Sunday, 21 January 2018
My Body is not a War Zone: Challenging the Eating Disorder Warrior Narrative. By Polly D
Welcome back guest blogger Polly D.
Content Warning: brief mention of disordered eating and specific foods.
My Body is not a War Zone: Challenging the Eating Disorder Warrior Narrative.
By Polly D
Over the last 4 years, I have talked about personifying Eating Disorders as a way to separate the person from the illness. I have talked about Ed as this mean, manipulative, lying jerk. I have used phrases like “kick Ed’s ass” , “break up with Ed” , “Ed is a toxic best friend or a toxic partner”.

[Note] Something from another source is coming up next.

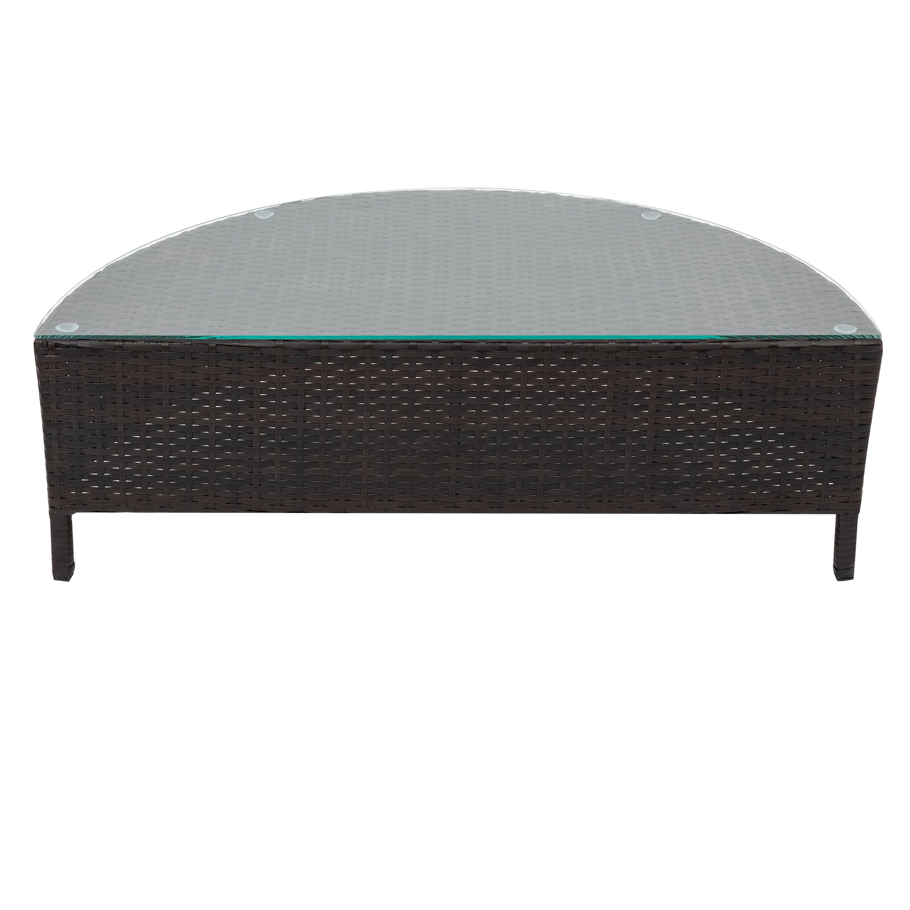 Home > 5 Pieces All-Weather Brown PE Rattan Wicker Sofa Set Outdoor Patio Sectional Furniture Set Half-Moon Sofa Set with Tempered Glass Table

I have been looking at recovery through the lens of Ed being an equal; someone you can fight against and win. Recovery is a battle and you are the warrior.
This is a narrative I have heard so often when it comes to recovery and to relapse.
And it occurred to me, if I am questioning the narratives around who struggles with ED, what makes a person sick enough for treatment, and how weight stigma erases lived experience ... then I can question the Eating Disorder Warrior Narrative.
What if I have it all backwards? What if fighting against the Eating Disorder only makes things worse?
I recently asked a friend what she was most afraid of as she was heading into treatment. She said:
“Finally giving up ED and not knowing what it is that replaces that. It’s ED that’s terrified.”
My immediate instinct was to wish her well and to remind her that she could totally kick Ed’s ass. I wanted to give some encouragement about Ed not being needed. Screw Ed. Ed is an asshole.
That’s when a light switch went on.
My reply to her was as follows:
“Maybe we’ve been going about it all wrong. Maybe that’s not the right approach. This whole idea that ED is mean and sneaky and lies and is manipulative makes it feel like ED is this grown up monster we can break up from. But maybe it’s not like that ... Maybe ED is the small child inside of us who didn’t get what she needed. Who didn’t know how to cope so she developed these maladaptive behaviours. Maybe ED isn’t a separate part of us. Maybe ED is our inner child who continues to perpetuate thoughts and behaviours because that child didn’t learn healthy ways to deal with or to cope with emotions or challenging situations, or thoughts.”
Mind.
Currently.
Blown.
That thought changed the whole way I want to approach recovery.
A great deal of time is spent talking about practicing self-compassion, being kind to your inner child, healing your inner child, listening to your inner child. .... well what if Ed IS that inner child. If so, then Ed needs compassion and kindness in order to heal, not a battle at all. That makes us nurturers. Not warriors.
This idea opens up new ways to engage with the Eating Disorder.
I wouldn’t refuse to feed a child breakfast. I wouldn’t force a child to over-exercise because she had a slice of cake on her birthday. I wouldn’t punish a child for eating until she was so full that she was sick. I wouldn’t allow a child to only live on apples and rice cakes. I wouldn’t allow a child to eat cookies as breakfast every day for a month. And if she did, I wouldn’t tell her that she ruined her entire life because of those cookies.
When a child messes up, we call it a mistake. When it’s an adult, we call it failure.
What if there IS no failure in recovery? What if there is only opportunities for learning and growing? What if the process of recovery is a process of raising your inner child the way you wish you had been raised? Or the way you needed to be raised?
Ed, the child, needs to be held closely during the recovery process. Children need gentle and firm encouragement to do hard and scary things. They need high fives, genuine praise, the right to make mistakes, gentle redirection, and a lot of hugs. Ed the child can learn to have a different relationship with food and eating, because she is just a child and the things she does are just the things she learned.
It’s time for Ed the child to be nurtured, by you, so that she can grow up and learn the healthful skills she needs to move out on her own, separate from us. Or to integrate that child-self into the adult-self.
Maybe recovery isn’t a battle. Maybe we are not warriors at all. Maybe recovery is the process of teaching Ed the child, that she is loved, worthy, deserving, and capable of nourishment in every capacity possible.